WHAT YOU WILL DO
Return exactly the lines from the "전 2주 여유 두기 |" line through the last line of the entries below. Include no pictures.

DATA EXCERPTS

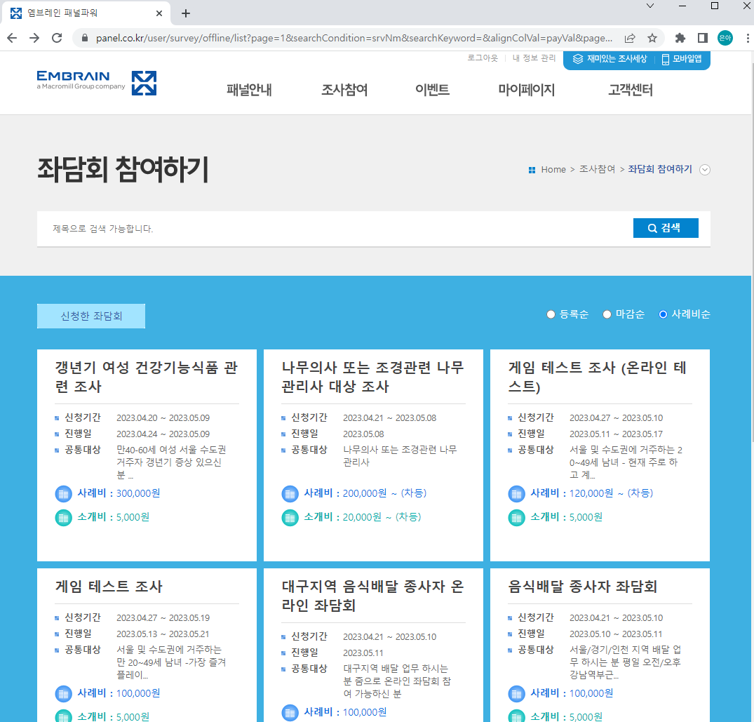 시간과 대상조건에 맞는 좌담회에 참여할 수 있으면 몇 만원의 수익까지 발생하니 괜찮은거 같아요.
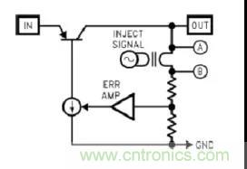 可以通過網(wǎng)絡(luò)分析儀來測量回路增益,它通過向網(wǎng)絡(luò)回路注入低電平的正弦波,然后從直流信號掃描到使增益下降到0dB的頻率來測量增益的響應(yīng)。
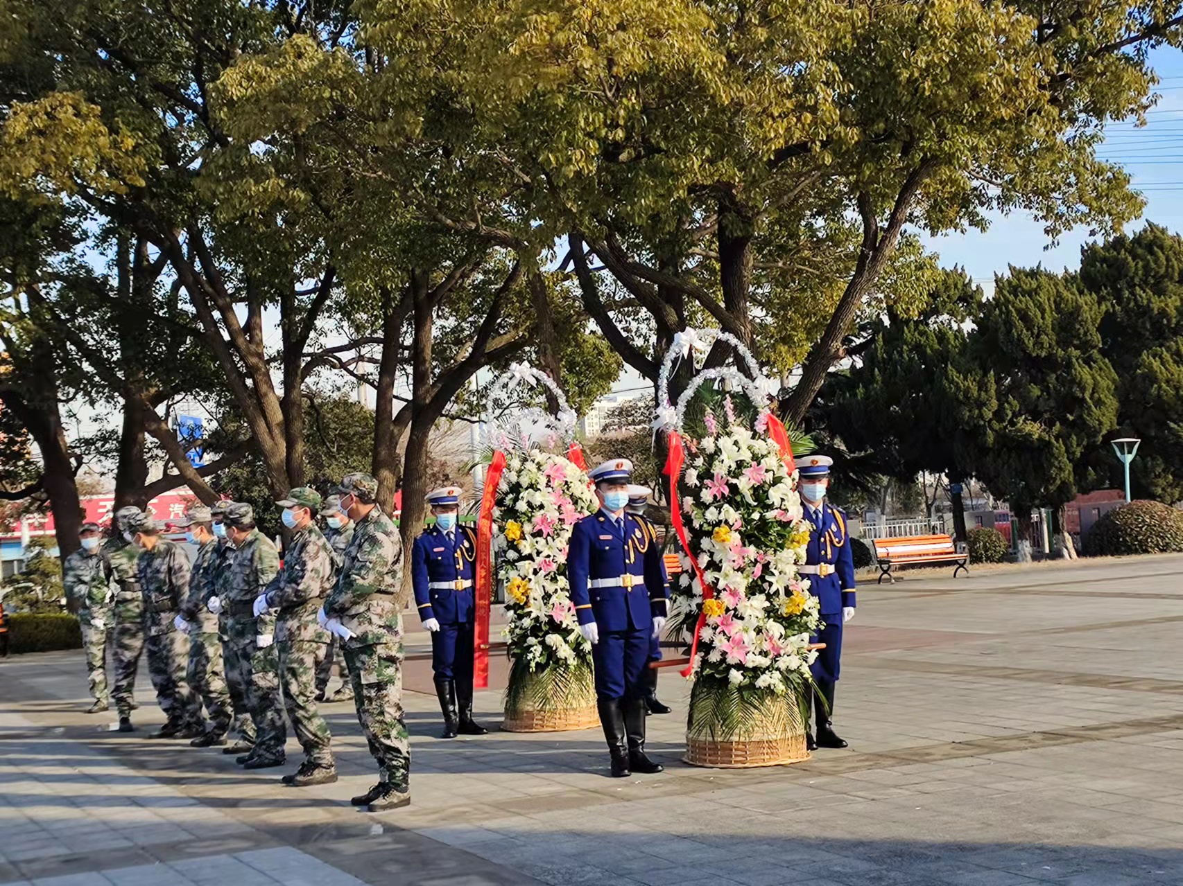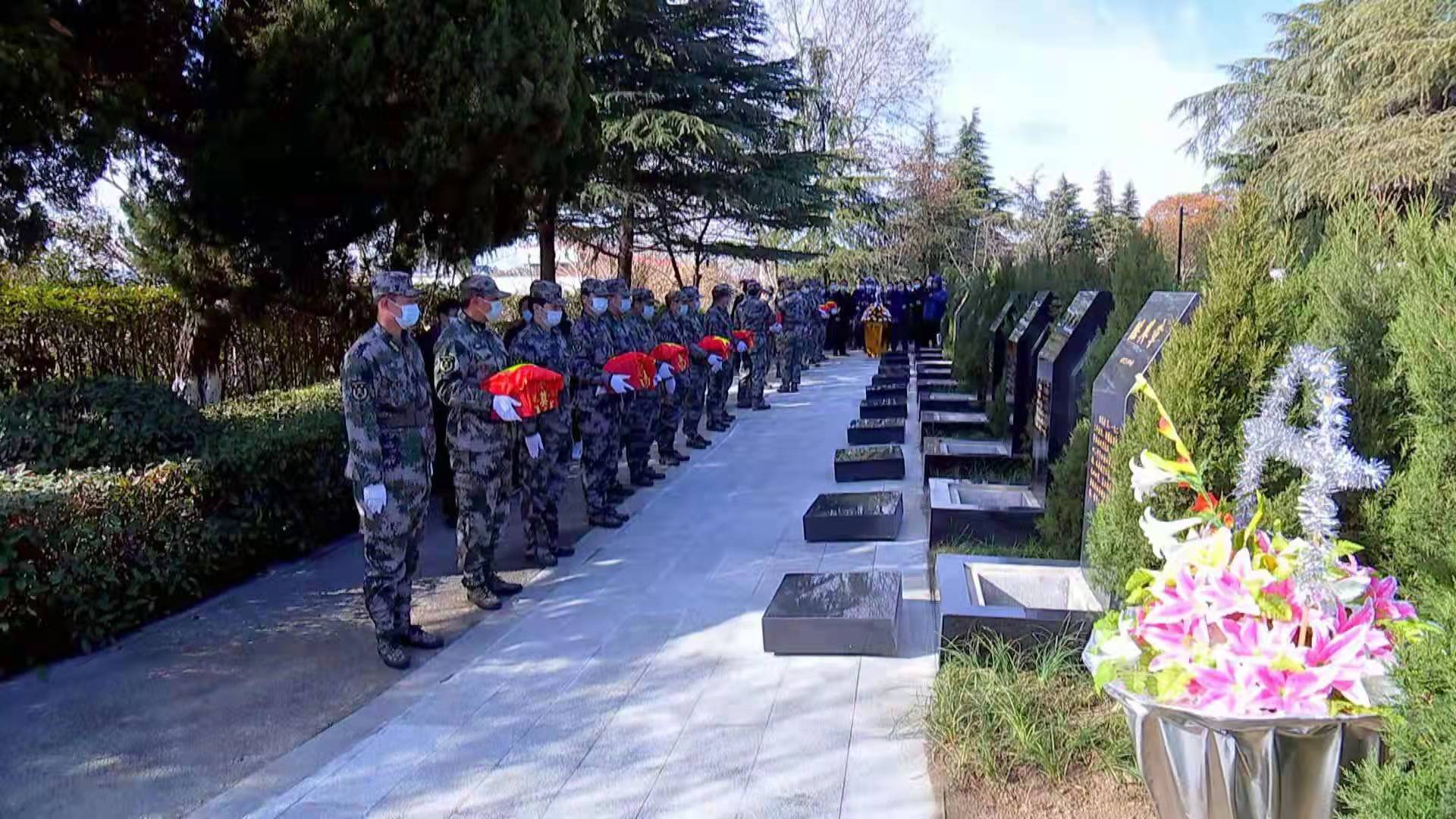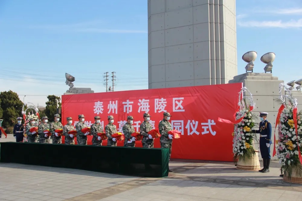 “青山埋忠骨,山河念英魂”迁葬仪式现场庄严肃穆。上午10时左右,迁葬入园仪式正式开始,由20名民兵完成交接,护送烈士骨函至革命烈士纪念碑前灵台上。全体人员肃立,奏唱《中华人民共和国国歌》。在《思念曲》中,全体人员向烈士墓致敬、默哀,8名列兵向烈士墓敬献花篮,表达对革命先烈的深切缅怀和崇高敬意。现场,泰州市退役军人事务局副局长吴杰出席仪式并致悼词。完成入土安葬后,全体人员依次向烈士敬献鲜花。
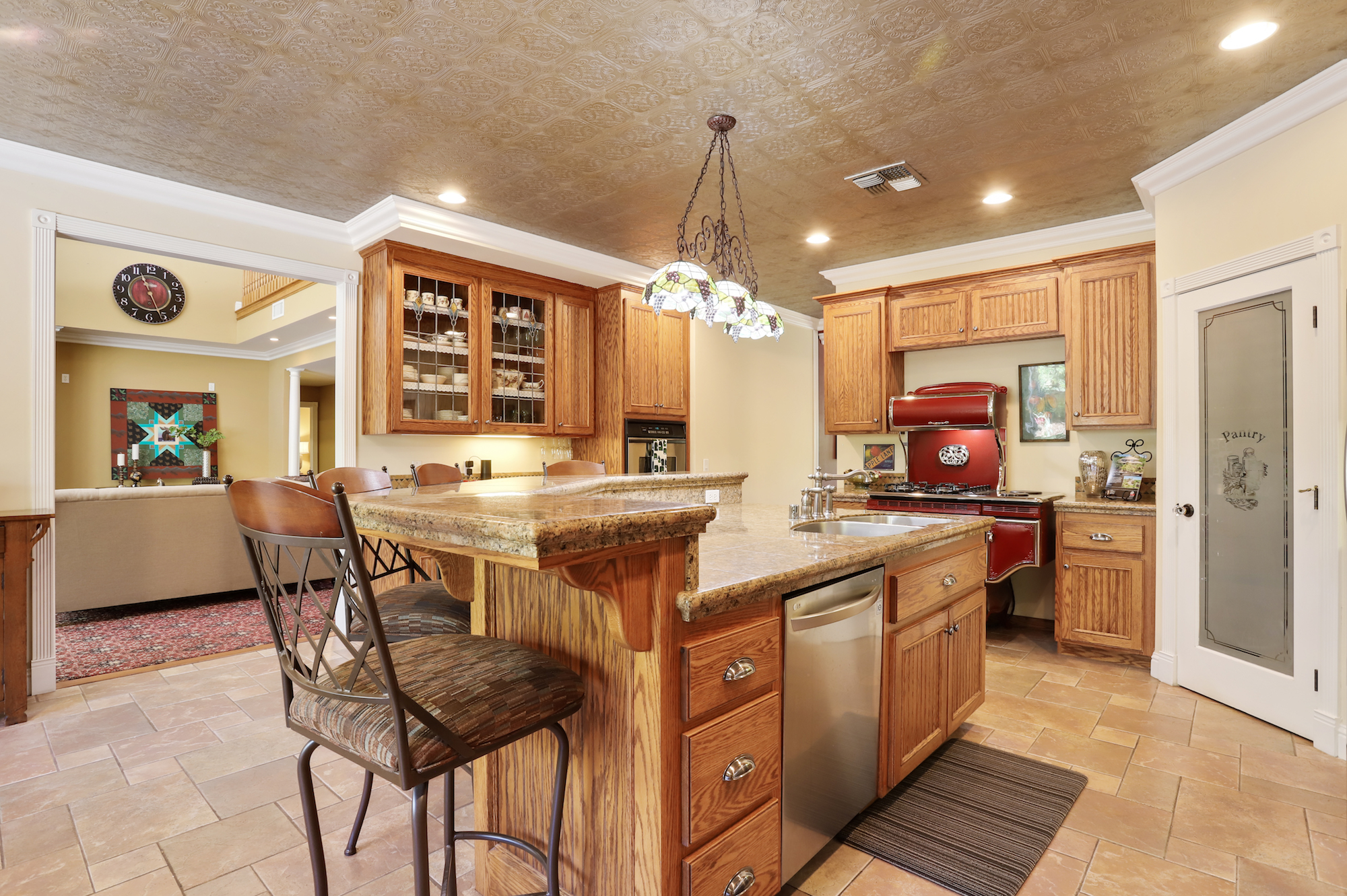 The country kitchen has an island, breakfast nook, and a butler’s pantry.
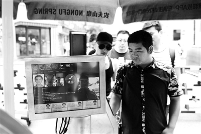 离人员安检口约三四十米的距离,民警对每一位进入景区封闭管理区人员的身份信息进行核查,绝大多数人都排队并主动出示身份证,配合民警工作。身份证核查过后是随身物品的过机安检。如果是封闭管理区内人员,则可刷身份证免检通过,全程有志愿者引导。
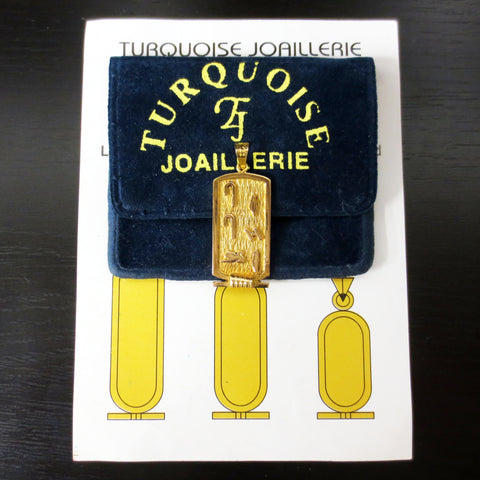 Excellent condition, complete with felt pouch and jewelry coordinates in Cairo, Egypt. Beautiful 18k yellow gold hieroglyphic cartouche pendant, measures 5/8 X 2 1/8 inches (15 X 32 mm), weighs 5.5 gr.
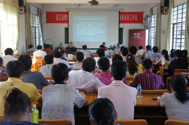 2013年9月13日,盈江县教育局教科中心组织召开了盈江县教育局教科中心教研、电教、师训业务工作会。教育局党委书记陈朝云同志,教科中心全体人员,全县中小学、幼儿园的教务主任、电教员和师训员共90余人参加了会议。
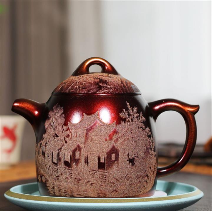 手工紫砂壺節日送禮活動禮品紫砂茶壺龍血砂仿古壺pot3752
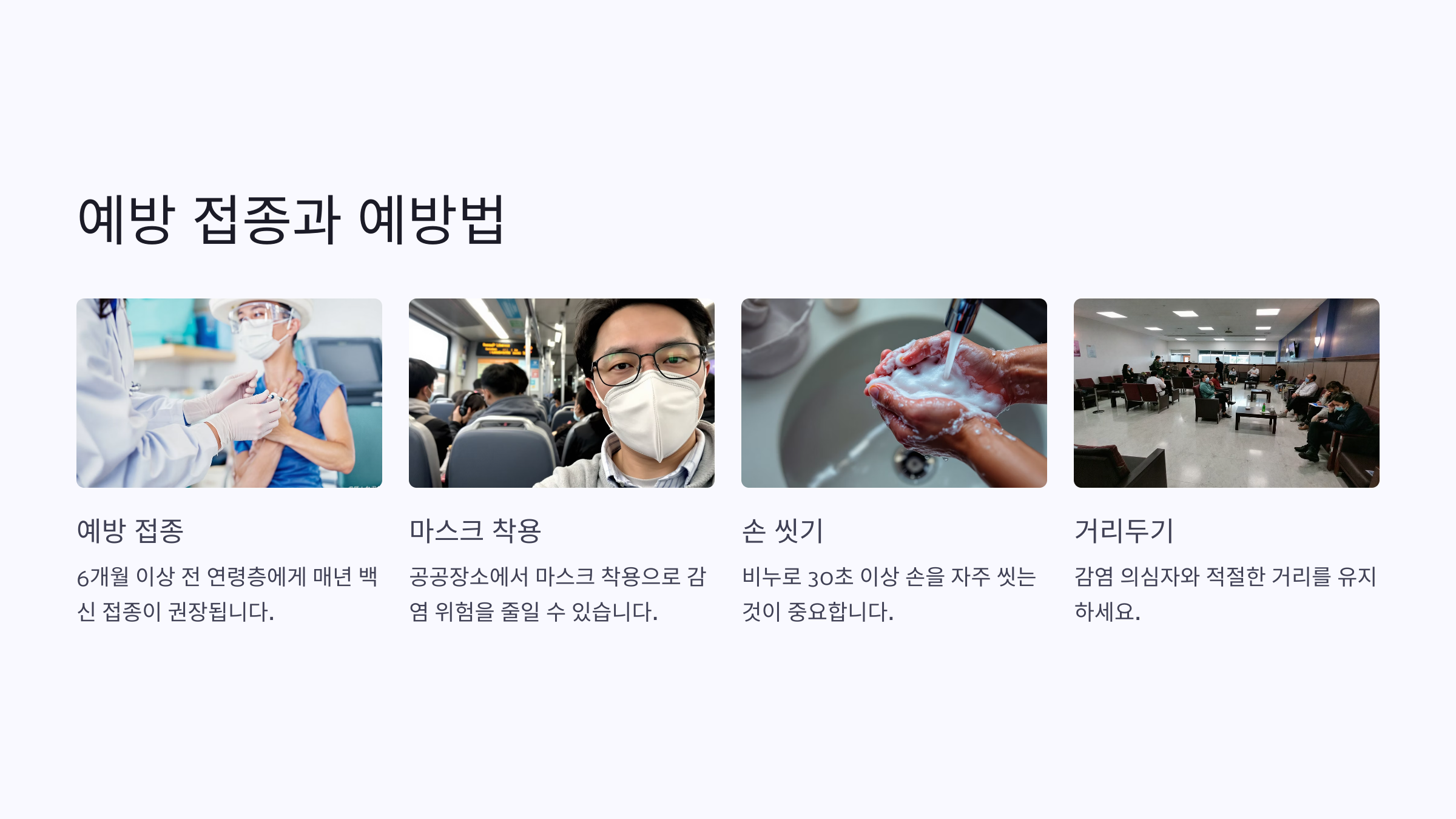 | 독감 백신 접종 | 매년 가을 | 유행 전 2주 여유 두기 |
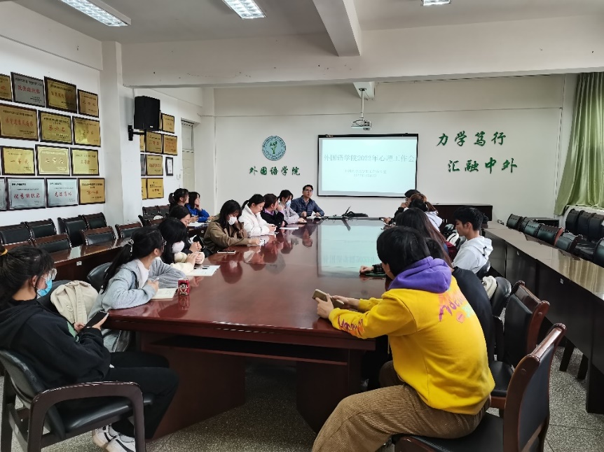 为更好了解各班学生心理情况、做好学院心理管理工作、推进作风革命,4月19日,外国语学院召开心理工作会议。院心理工作负责人王光铭与各班心理委员参加会议。
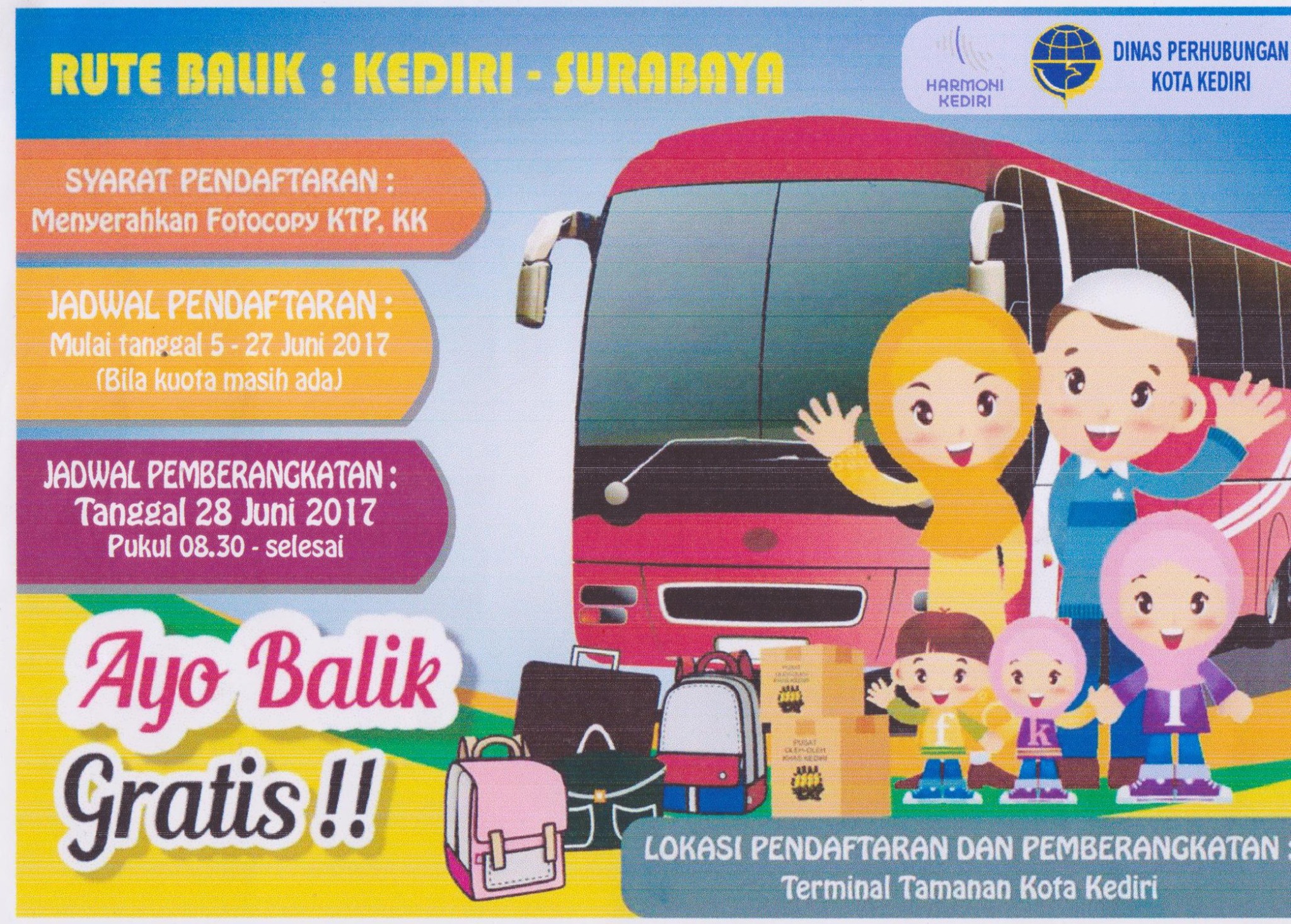 Balik Gratis Tahun 2017 , program Dishub Kota Kediri untuk mengurangi kemacetan pada saat hari raya idul fitri yang dimana menggratiskan naik bus bagi para pemudik untuk tujuan Kediri-Surabaya.
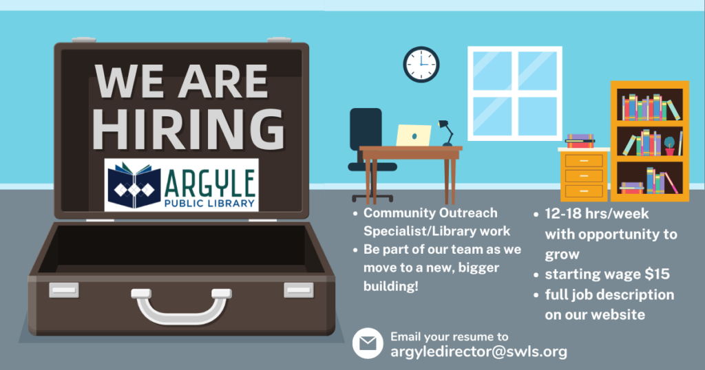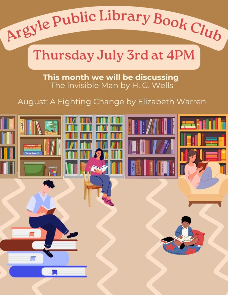 The Friends of the Argyle Public Library meet the third Tuesday of each month at 4pm.

ANSWER FOR THE TASK
 | 독감 백신 접종 | 매년 가을 | 유행 전 2주 여유 두기 |
 为更好了解各班学生心理情况、做好学院心理管理工作、推进作风革命,4月19日,外国语学院召开心理工作会议。院心理工作负责人王光铭与各班心理委员参加会议。
 Balik Gratis Tahun 2017 , program Dishub Kota Kediri untuk mengurangi kemacetan pada saat hari raya idul fitri yang dimana menggratiskan naik bus bagi para pemudik untuk tujuan Kediri-Surabaya.
 The Friends of the Argyle Public Library meet the third Tuesday of each month at 4pm.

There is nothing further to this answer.